The point of the needle of a sewing machine moves in SHM along the x-axis with a frequency of 2.5 Hz. At t=0 its position and velocity components are +1.1 cm and -15 cm/s, respectively.

(a) Find the acceleration component of the needle at t=0

(b) write an equation giving the position at the point as a function of time.
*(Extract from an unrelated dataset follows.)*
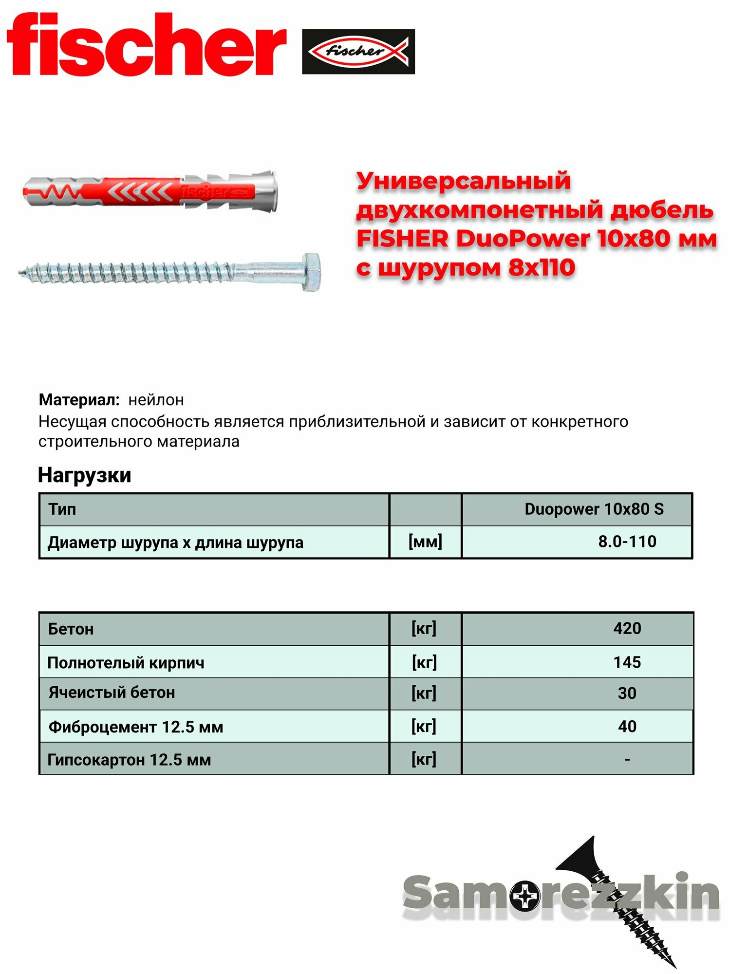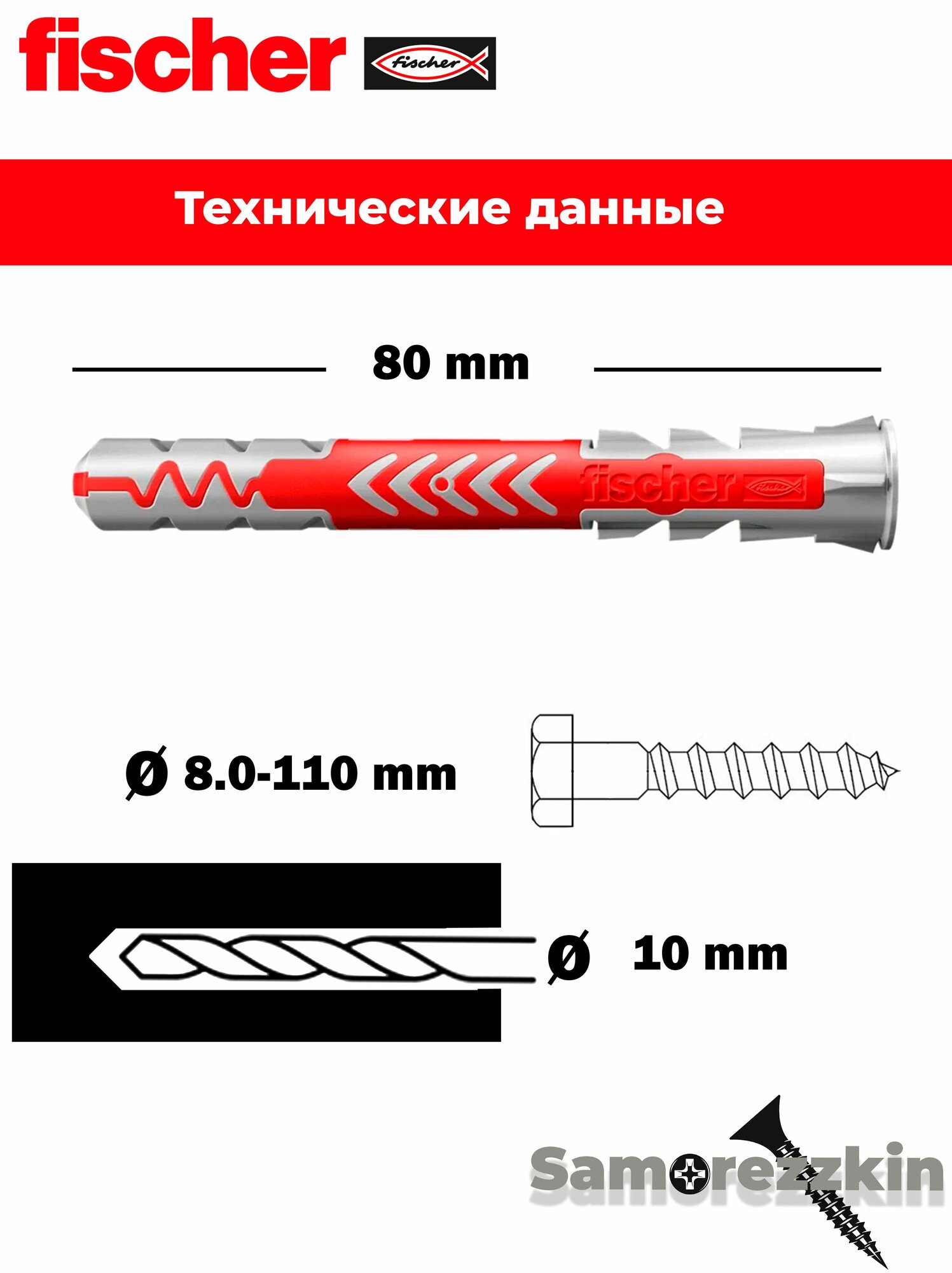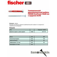Дюбель универсальный FISCHER DuoPower 10×80 мм с шурупом 8х110 мм: сравнение цен, характеристики, фото, актуальное наличие и цены.

I just want to state that I already know the answers, my question is concerning the value of the Amplitude in both (a) and (b).

My first question:

So for part (a) the answer for acceleration is -2.71 m/s

^{2}. This is found by using the equation

a(t) = -ω

^{2}A = -2.71 m/s

^{2}

where ω = 5π and A = 0.011 m. Why is the amplitude 0.011m? In the question it states that at t=0 its at a certain position , 1.1cm, with a negative velocity, if it has a velocity then its not at rest, and if its not at rest that means its not at its max position away from the equilibrium point, which from what I understand is defined as the Amplitude. So why is 1.1 cm used as the amplitude in this case?

My 2nd question

In part (b) the answer for the position equation is:

x(t) = (0.0146)cos[(15.7 rad/s)t + 0.715 rad]

So in this case A = 0.0146. This is found by using the equation

A = [x

_{o}

^{2}+ v

_{o}

^{2}/ω

^{2}]

^{½}

So why does this have a different Amplitude from in part (a). Should the value for A be the same in both cases?